Lady meines Herzens
war rasch zur beliebtesten, gefürchtetsten und am häufigsten zitierten Kolumne in London aufgestiegen. Julianna schrieb unter dem Pseudonym »eine Lady mit Klasse«, und über die wahre Autorschaft wurde seither ständig laut spekuliert, ohne dass ein Gerücht je bestätigt oder verleugnet wurde. Wie Sophie hatte auch Julianna ihre Karriere begonnen, weil sie Geld brauchte.
»Und wieso habe ich bisher nichts von ihm gehört?«, fragte Julianna.
»Es ist passiert, während du noch auf der Hochzeit warst«, antwortete Sophie. »Und ich wollte es euch allen erzählen, sobald wir wieder zusammensitzen.«
Sie verstummte kurz, weil der Schreiber Andrew Mulligan seinem Kollegen Mitch Radnor, der für die Kricketpartien und Pferderennen zuständig war, lautstark demonstrierte, wie ein Boxer den anderen außer Gefecht gesetzt hatte.
»Nun spann uns doch nicht so auf die Folter«, drängte Eliza.
»Sein Name ist Mr Brandon. Er ist atemberaubend attraktiv, einfach hinreißend und ein wahrer Gentleman.« Sophie seufzte erneut bei der Erinnerung an diese herrliche Begegnung.
Er hatte ihr Leben gerettet. Und dann hatte er sie von dieser tief empfundenen Einsamkeit befreit, die sie gequält hatte, seit sie von Matthew sitzen gelassen worden war. Allein das Wissen, dass es ihren Mr Brandon irgendwo da draußen gab, ließ sie die Welt in einem neuen, hoffnungsvollen Licht betrachten. Für sie war er ein guter Grund, um wieder an die Liebe zu glauben.
Ein Blick in seine Augen hatte genügt, und sie wusste es einfach: Er ist der Richtige. Sie hatte dieses Gefühl sofort beiseitegeschoben, denn wenn man ehrlich war, konnte doch niemand so schnell wissen, ob er einen anderen liebte. Oder?
Aber dann hatte er wieder etwas gesagt, eine kleine Bemerkung hatte genügt, und sie hatte oh ja gedacht. Oder er lachte über ihre Bemerkungen und erzählte ihr, er sei immer auf alles vorbereitet. Und sie durfte nicht vergessen, dass er sie vor dem sicheren Tod bewahrt hatte.

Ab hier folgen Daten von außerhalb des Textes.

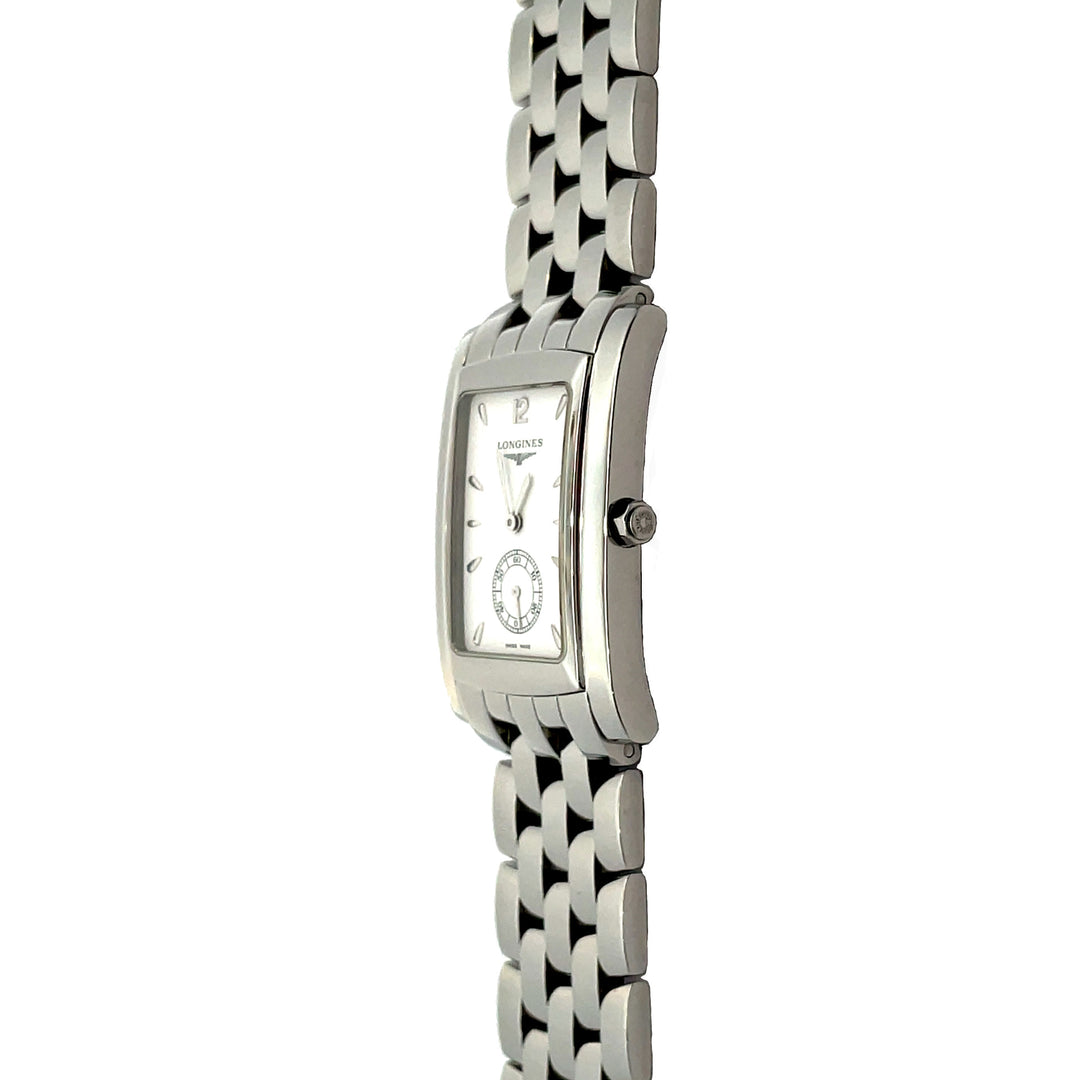 Luxurious and classic ladies Longines DolceVite wristwatch. Features a striking stainless steel case and band with an alluring matte white dial accompanied by the silver toned hands. The case and band does show slight wear. This timepiece also features a sub dial at six o'clock. This watch has a scratch resistant sapphire crystal. Its beautiful dial is signed Longines underneath 12 o'clock, and Swiss Made underneath the 6 hour marker. The name Longines is visible on the crown. This watch has a quartz movement, serial #29950987 ,& ref# L5.655.4.16.6. The case back is signed STAINLESS STEEL, SWISS MADE. Original Longines stainless steel link band compliments this watch. Its case measures 39.5mm lug to lug, 26.5mm diameter excluding the crown, and 6.5mm thick. Fits wrist size up to 7.25-inches. This watch has a fresh new battery and comes with a one-year warranty.

Er war ein Mann, dem eine Frau ihren Körper, ihre Seele und sogar ihr Herz anvertrauen konnte.
Und attraktiv war er außerdem. Himmel, sah er gut aus!
Sophie hatte die Begegnung seither Hunderte Male erneut durchlebt und jeden winzigen Moment in ihrer Erinnerung gespeichert.
Sie wusste, wie fest und muskulös seine Brust war und wie stark seine Arme. Sie wusste auch, dass sie sich nicht so rasch aus seiner Umklammerung befreit hatte, wie sie es hätte tun sollen.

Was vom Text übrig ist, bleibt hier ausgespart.